EXTRACTED RECORDS ::

<<<<

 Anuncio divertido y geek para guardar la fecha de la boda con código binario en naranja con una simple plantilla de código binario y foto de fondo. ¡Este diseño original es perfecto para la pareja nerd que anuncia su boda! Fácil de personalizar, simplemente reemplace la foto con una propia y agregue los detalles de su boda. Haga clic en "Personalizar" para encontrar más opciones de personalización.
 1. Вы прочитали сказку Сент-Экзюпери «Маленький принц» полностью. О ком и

>>>>
<<<<

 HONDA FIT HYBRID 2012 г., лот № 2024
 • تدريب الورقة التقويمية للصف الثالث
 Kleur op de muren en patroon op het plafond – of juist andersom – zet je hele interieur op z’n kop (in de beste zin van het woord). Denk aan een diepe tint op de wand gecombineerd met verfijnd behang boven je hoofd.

>>>>

WHAT YOU NEED TO DO ::
Print exactly the lines above from the one with "HONDA FIT HYBRID 2012 г., лот № 2024" to the one with "Kleur op de", including both.

ANSWER TO THIS EXERCISE ::
 HONDA FIT HYBRID 2012 г., лот № 2024
 • تدريب الورقة التقويمية للصف الثالث
 Kleur op de muren en patroon op het plafond – of juist andersom – zet je hele interieur op z’n kop (in de beste zin van het woord). Denk aan een diepe tint op de wand gecombineerd met verfijnd behang boven je hoofd.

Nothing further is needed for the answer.